Tegen dit besluit heeft [appellant] bij brief, bij de rechtbank Zwolle-Lelystad ingekomen op 13 december 2010, beroep ingesteld. De rechtbank heeft het beroep ter verdere behandeling doorgezonden aan de Raad van State.
De minister heeft een verweerschrift ingediend.
[appellant] heeft nadere stukken ingediend.
De zaak is door een meervoudige kamer van de Afdeling verwezen naar een enkelvoudige.

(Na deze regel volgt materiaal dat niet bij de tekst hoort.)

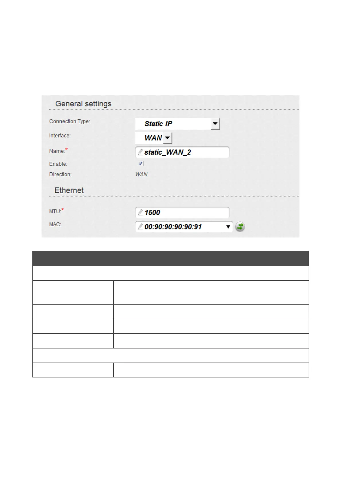 To create a connection of the Static IP type, click the Add button on the Net / WAN page. On the

De Afdeling heeft de zaak ter zitting behandeld op 16 maart 2012, waar de minister, vertegenwoordigd door mr. K. Ulmer, werkzaam bij Agentschap NL, is verschenen.
2. Overwegingen
2.1. Ingevolge artikel 3, eerste lid, van de Tijdelijke subsidieregeling maatwerkadviezen voor woningen, voor zover hier van belang, kan de minister aan een eigenaar-bewoner subsidie verstrekken voor het laten opstellen van een maatwerkadvies voor de betrokken woning.
Ingevolge artikel 1, aanhef en onder d, wordt onder eigenaar-bewoner verstaan: natuurlijke persoon die een woning in eigendom heeft en daarin zijn hoofdverblijf heeft.

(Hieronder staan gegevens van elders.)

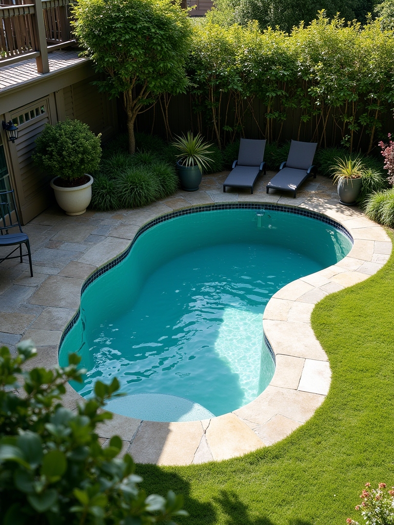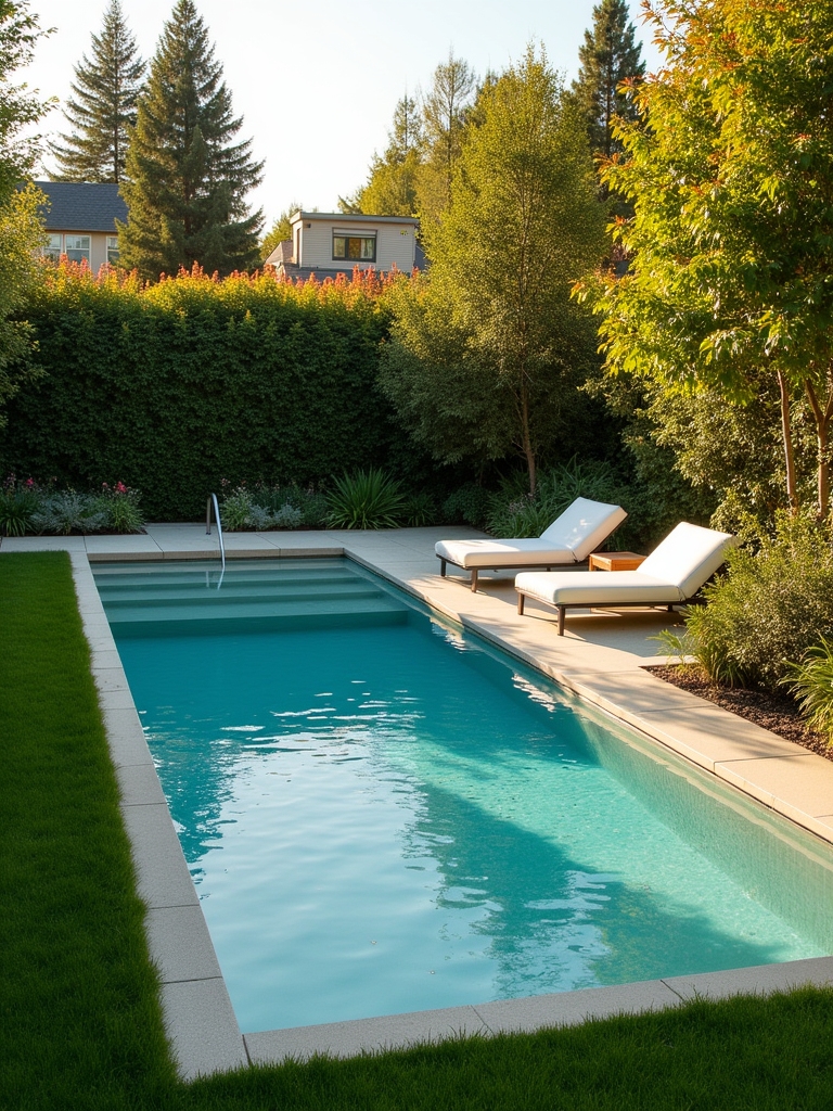 This is the moment when privacy becomes design. Surrounded by tall hedges, this charming, kidney-shaped pool whispers, “This is my secret corner.” It’s not overly showy, but it’s incredibly inviting. The two lounge chairs are clearly there for those who want to spend half the day reading a book and enjoying the gentle breeze.

2.2. Het in opdracht van [appellant] opgestelde maatwerkadvies heeft betrekking op de woning aan de Parallelweg 2 te Onna. Niet in geschil is dat [appellant] eigenaar is van deze woning.
2.3. [appellant] voert aan dat de minister ten onrechte zijn aanvraag om subsidie heeft afgewezen omdat hij in de woning niet zijn hoofdverblijf heeft. Volgens [appellant] heeft hij in de woning wel zijn hoofdverblijf, nu deze woning zijn enige woning is en te allen tijde tot zijn beschikking staat. Dat de woning alleen in de zomermaanden wordt gebruikt, doet hier niet aan af, aldus [appellant]. Volgens hem rust de bewijslast in dit geval op de minister.
2.3.1. Onder verwijzing naar de uitspraak van 29 maart 2006 in zaak nr.